Sunday, August 8, 2010

The Big Short


The Big Short: Inside the Doomsday Machine, by Michael Lewis

My Amazon.com review

Every tragedy has a tale. This tale of greed is told through the eyes of outsiders who bet against Wall Street's greed, and won. Ironically, so did Wall Street. There lies the tragedy.

Told by retracing the path taken by a few contrarian outsiders - Steve Eisman, Michael Burry, Greg Lipmann, Howie Hubler, and others - who saw the house of cards for what it was: built by a grotesque mix of greedy and sometimes outright stupid Wall Street bankers, and stamped with the authority of incompetent, "brain-dead" employees of the ratings agencies - S&P, Moody's, and Fitch.

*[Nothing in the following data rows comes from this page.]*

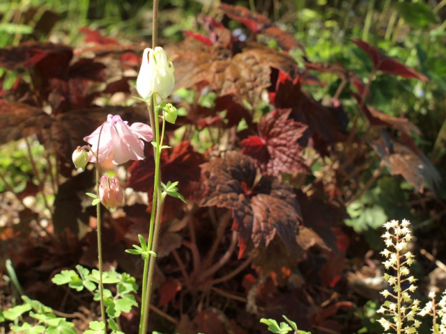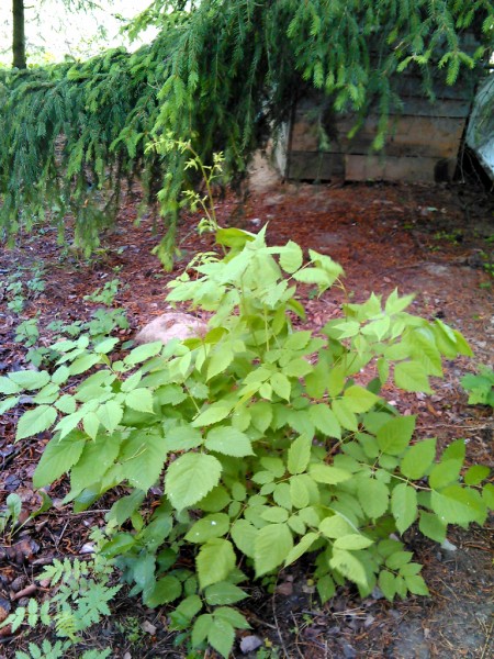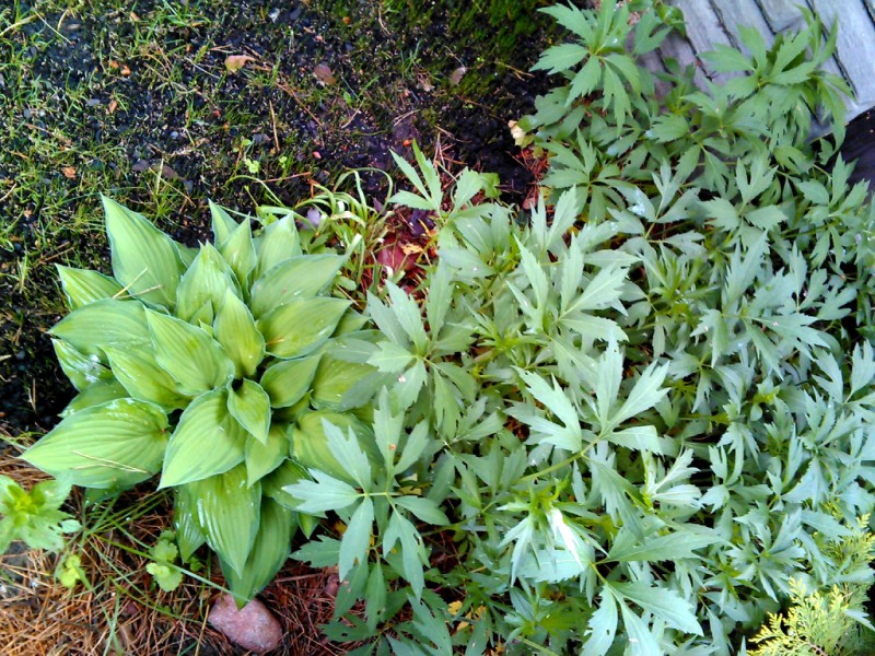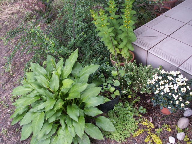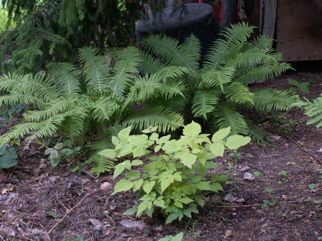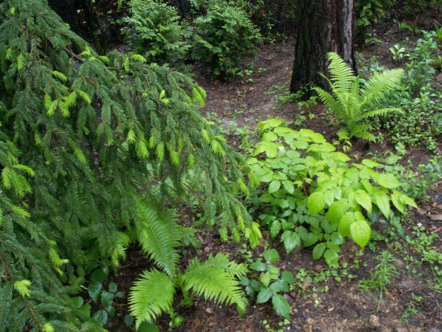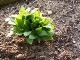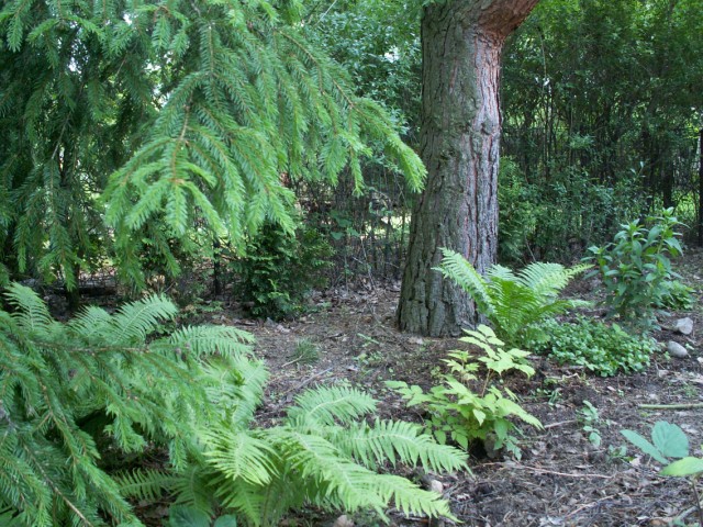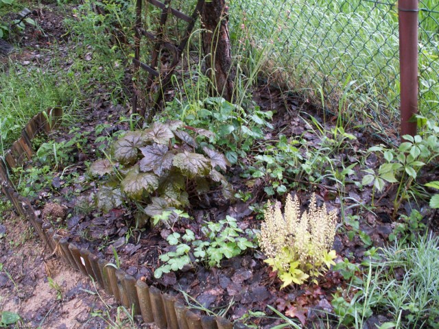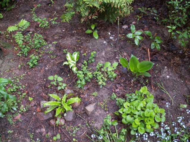 Pierwsza rabatka w tej części ogródka dała mi dużo radości i nadziei, że jednak możliwe będzie stworzenie tu przyjaznej przestrzeni, jednak po kilku miesiącach obserwacji i pielęgnacji wiem, że na wersję ostateczną zagospodarowana tego miejsca trzeba będzie jeszcze poczekać. Grabiąc liście po zimie odkryłam w kącie ogrodu urokliwy cienisty kącik pod młodym świerkiem, za drewnianą budką, służącą obecnie za domek narzędziowy. Pod liściową pierzynką powstała warstwa żyznej, wilgotnej ziemi, w której od razu wyobraziłam sobie piękne kępy funkii, paproci i konwalii. Jak pomyślałam, tak zrobiłam, posadziłam roślinki, podlałam i …. czekałam na efekty.
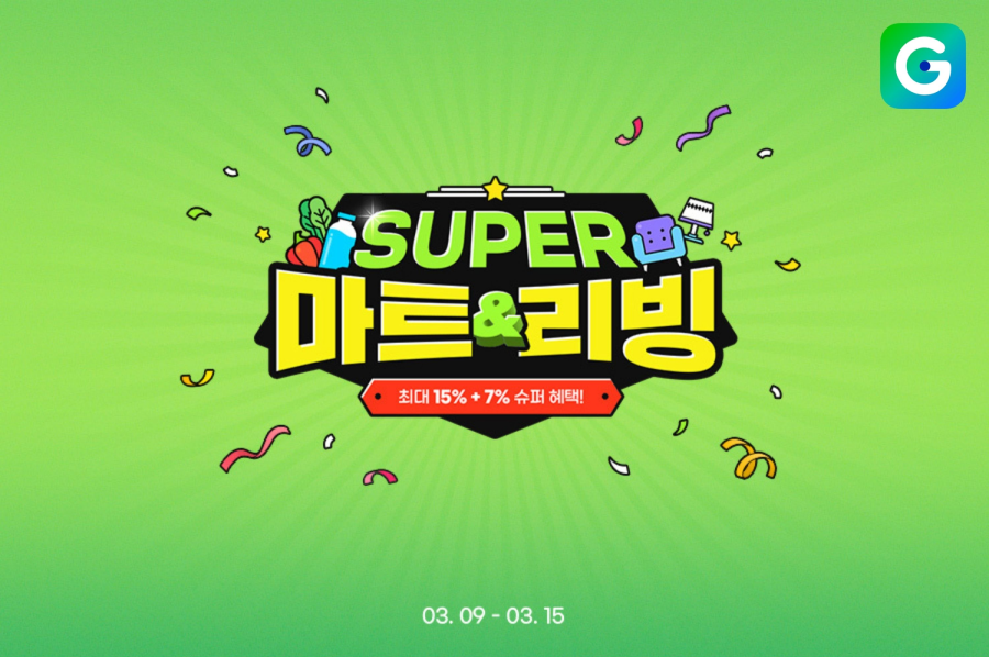 자세한 내용은 G마켓과 옥션 메인 페이지 상단에서 ‘SUPER 마트&리빙’ 프로모션 배너를 통해 확인할 수 있다.
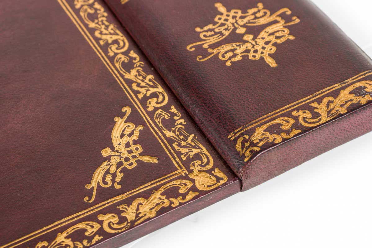 Choose one of the options below.American Mid-Century Florentine Style Book Design Gold Embossed Burgundy Leather Desk Pad
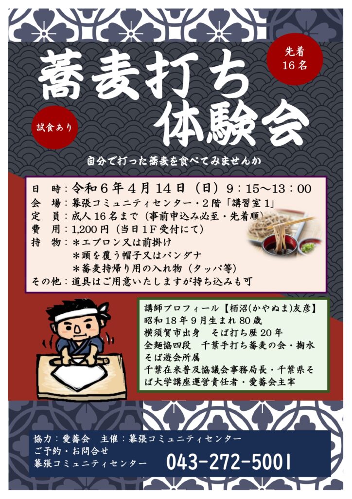 4月14日(火)蕎麦打ち体験会 開催! 2024年2月20日 最終更新日時 : 2024年5月6日 takasu-2005 開催済 人気の蕎麦打ち体験会。先着16名様。ご予約は「幕張コミュニティセンターへ 043-272-5001」
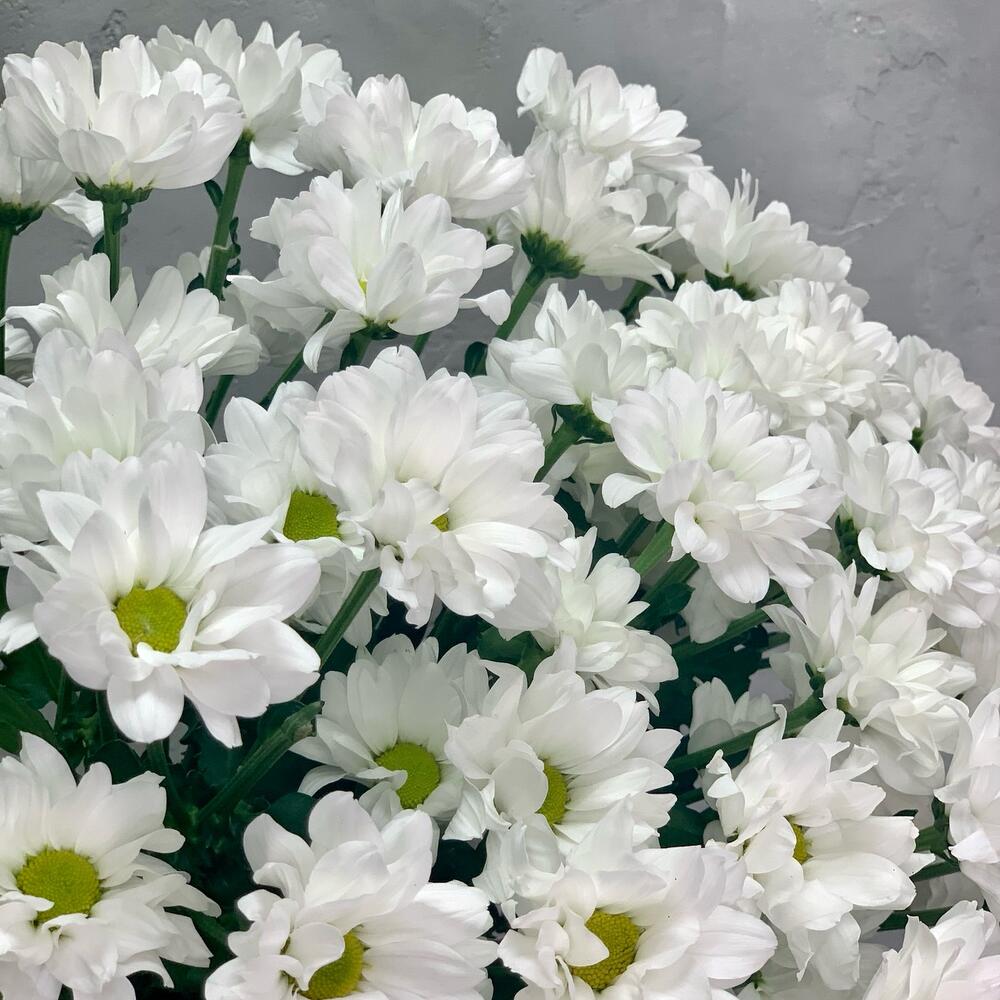 Кустовая хризантема это разновидность одноцветковой хризантемы похожей на ромашку. Белоснежная хризантема имеет прочный зеленый стебель, что позволяет использовать ее в компоновке различных цветочных композиций. После срезки этой хризантемы она длительное время сохраняет свою свежесть и стойкость.Это очень изящный, практичный, стойкий цветок, который завоевал необычную популярность на рынке свежесрезанных цветов. Она составляет основу для изготовления легких и романтических букетов. Жемчужно-белые цветы с сердцевиной салатового цвета могут великолепно смотреться как в моно букете, так и в букете с другими цветами.
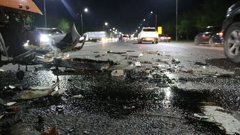 ДТП на улице Бауыржана Момышулы, фото - Новости Zakon.kz от 16.05.2022 00:23 Фото: Zakon.kz
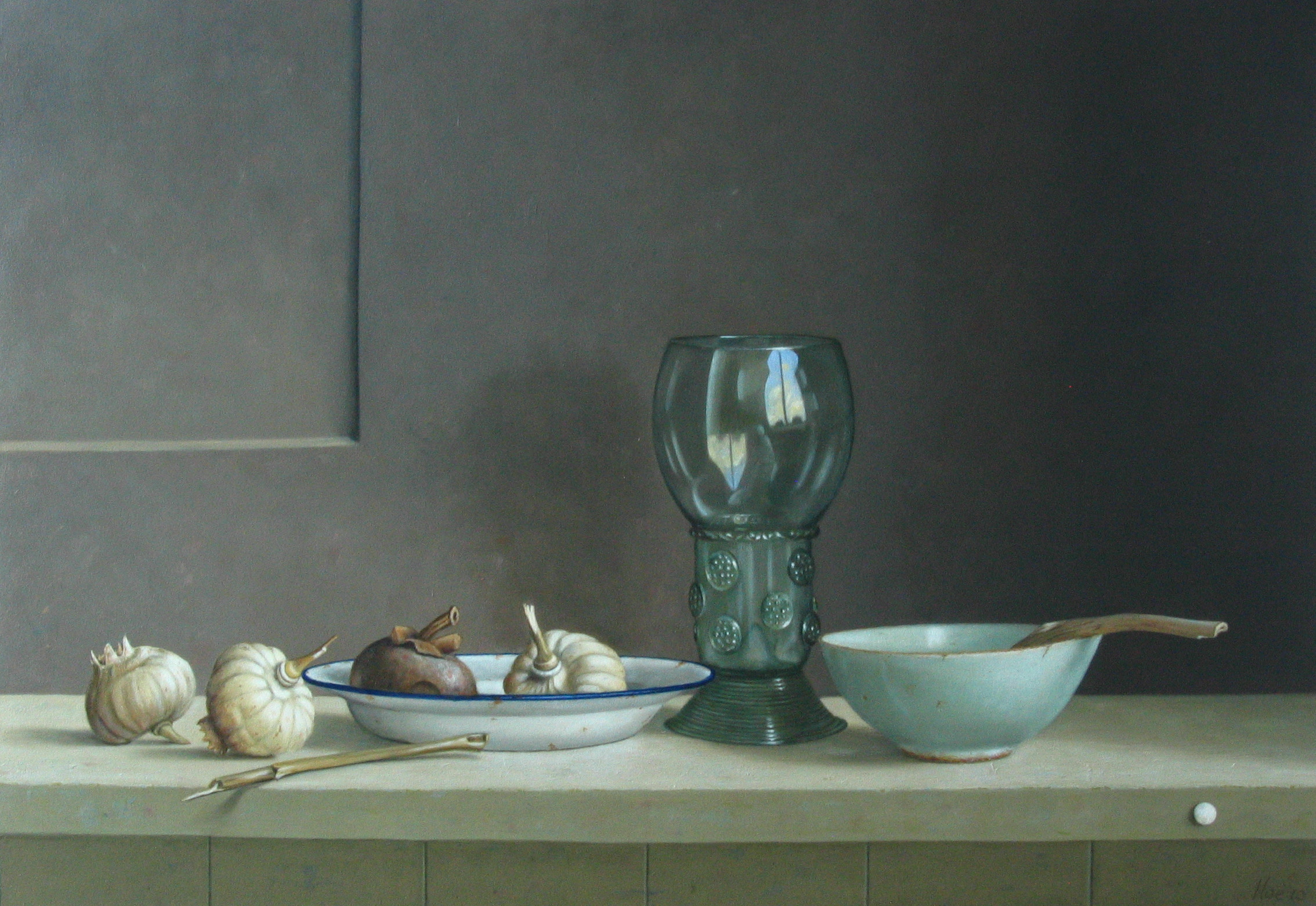 Het stilleven is opgebouwd rondom enkele oude gebruiksvoorwerpen, zoals een roemer, chinese kom en een antiek bordje.

Burry said, "... I also immediately internalized the idea that no school could teach someone how to be a great investor. If it were true, it'd be the most popular school in the world, with an impossibly high tuition. So it must not be true." [page 35]
Steve Eisman is a second-generation Wall Street fellow (his parents worked on Wall Street), who is marked by an almost complete lack of social grace (he does try and develop some inter-personal skills after the collapse of Wall Street though).
"The single greatest line I ever wrote as an analyst," says Eisman, "was after Lomas said they were hedged." He recited the line from memory: "The Lomas Financial Corporation is a perfectly hedged financial institution: it loses money in every conceivable interest rate environment.' I enjoyed writing that sentence more than any sentence I ever wrote." A few months after he published that line, the Lomas Financial Corporation returned to bankruptcy. [page 3]

It doesn't end here. Steve Eisman was plain blunt when it came to voicing his opinions. There doesn't seem to be a shade of gray here - things for him were either black or white, never anything in-between.
Once, he got himself invited to a meeting with the CEO of Bank of America, Ken Lewis. "I was sitting there listening to him. I had an epiphany. I said to myself, 'Oh my God, he's dumb!' A lighbulb went off. The guy running one of the biggest banks in the world is dumb!" They shorted Bank of America, along with UBS, Citigroup, Lehman Brothers, and a few others. They weren't allowed to short Morgan Stanley because they were owned by Morgan Stanley, but if they could have, they would have. [page 174]
...

"We have a thesis," said Eisman. "There is going to be a calamity, and whenever there is a calamity, Merrill is there." When it came time to bankrupt Orange County with bad advice, Merrill was there. When the Internet went bust, Merrill was there. Way back in the 1908s, when the first bond trader was let off his leash and lost hundreds of millions of dollars, Merrill was there to take the hit. [page 175]
A prominent theme of Barry Ritholtz's book, Bailout Nation (my review post, my Amazon.com review), was that the ratings agencies were, if not outright hand-in-glove with the investment firms in the ratings fraud that enabled the subprime mortgage bonds catastrophe, at best outright incompetent, who were clueless on how to rate these CDOs, and relied on the investment firms' models. Sort of letting the thief select the combination to a vault. Michael Lewis comes to the same conclusion, pretty much, but it is much more devastating an indictment when delivered through the words of an insider - yes an insider.
But everyone on Wall Street knew that the people who ran the models were ripe for exploitation. "Guys who can't get a job on Wall Street get a job at Moody's," as one Goldman Sachs trader-turned-hedge fund manager put it. Inside the rating agency there was another hierarchy, even less flattering to the subprime mortgage bond raters. "At the ratings agencies the corporate credit people are the least bad," says a quant who engineered mortgage bonds for Morgan Stanley. "Next are the prime mortgage people." Then you have the asset-backed people, who are basically brain-dead."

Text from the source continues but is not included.